What is being asked
Return the following from the records below: each line, word for word, starting with the line that contains "時間:第6R発売中/第10R発売中/なるちゃんホール - 3/1(日):ファーストサマーウイカ(MC:永島知洋)" and going on through the line that contains "Women’S Slim Fit", with nothing outside that range.

Data shown
==*==

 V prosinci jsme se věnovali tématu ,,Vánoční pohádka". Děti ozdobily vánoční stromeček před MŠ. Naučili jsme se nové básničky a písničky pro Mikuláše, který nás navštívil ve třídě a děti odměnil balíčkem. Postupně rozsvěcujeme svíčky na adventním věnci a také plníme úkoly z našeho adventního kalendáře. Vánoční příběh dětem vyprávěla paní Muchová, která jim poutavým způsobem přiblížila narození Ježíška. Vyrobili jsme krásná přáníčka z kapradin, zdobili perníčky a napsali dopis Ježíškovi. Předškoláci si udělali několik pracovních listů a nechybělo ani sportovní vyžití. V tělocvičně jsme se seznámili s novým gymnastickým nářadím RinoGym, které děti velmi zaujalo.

==*==

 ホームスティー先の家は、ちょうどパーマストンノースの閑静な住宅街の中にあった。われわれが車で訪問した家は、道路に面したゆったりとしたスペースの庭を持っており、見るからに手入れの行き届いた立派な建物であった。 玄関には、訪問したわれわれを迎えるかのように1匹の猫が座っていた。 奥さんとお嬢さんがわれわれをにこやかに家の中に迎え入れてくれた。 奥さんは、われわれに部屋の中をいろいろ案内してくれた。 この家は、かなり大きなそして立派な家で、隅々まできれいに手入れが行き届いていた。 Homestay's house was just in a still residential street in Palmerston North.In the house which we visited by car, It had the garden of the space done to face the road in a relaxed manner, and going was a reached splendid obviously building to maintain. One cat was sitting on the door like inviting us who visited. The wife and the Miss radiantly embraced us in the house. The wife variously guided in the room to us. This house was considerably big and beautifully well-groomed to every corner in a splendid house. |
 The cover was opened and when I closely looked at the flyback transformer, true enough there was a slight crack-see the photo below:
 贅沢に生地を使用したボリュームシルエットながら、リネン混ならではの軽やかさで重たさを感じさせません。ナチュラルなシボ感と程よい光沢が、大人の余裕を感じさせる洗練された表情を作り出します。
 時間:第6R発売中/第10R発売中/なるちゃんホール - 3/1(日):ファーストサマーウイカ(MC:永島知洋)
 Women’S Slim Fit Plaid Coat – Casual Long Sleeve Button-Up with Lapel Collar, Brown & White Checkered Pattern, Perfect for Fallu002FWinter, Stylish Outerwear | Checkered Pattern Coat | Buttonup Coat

==*==

Answer box
 時間:第6R発売中/第10R発売中/なるちゃんホール - 3/1(日):ファーストサマーウイカ(MC:永島知洋)
 Women’S Slim Fit Plaid Coat – Casual Long Sleeve Button-Up with Lapel Collar, Brown & White Checkered Pattern, Perfect for Fallu002FWinter, Stylish Outerwear | Checkered Pattern Coat | Buttonup Coat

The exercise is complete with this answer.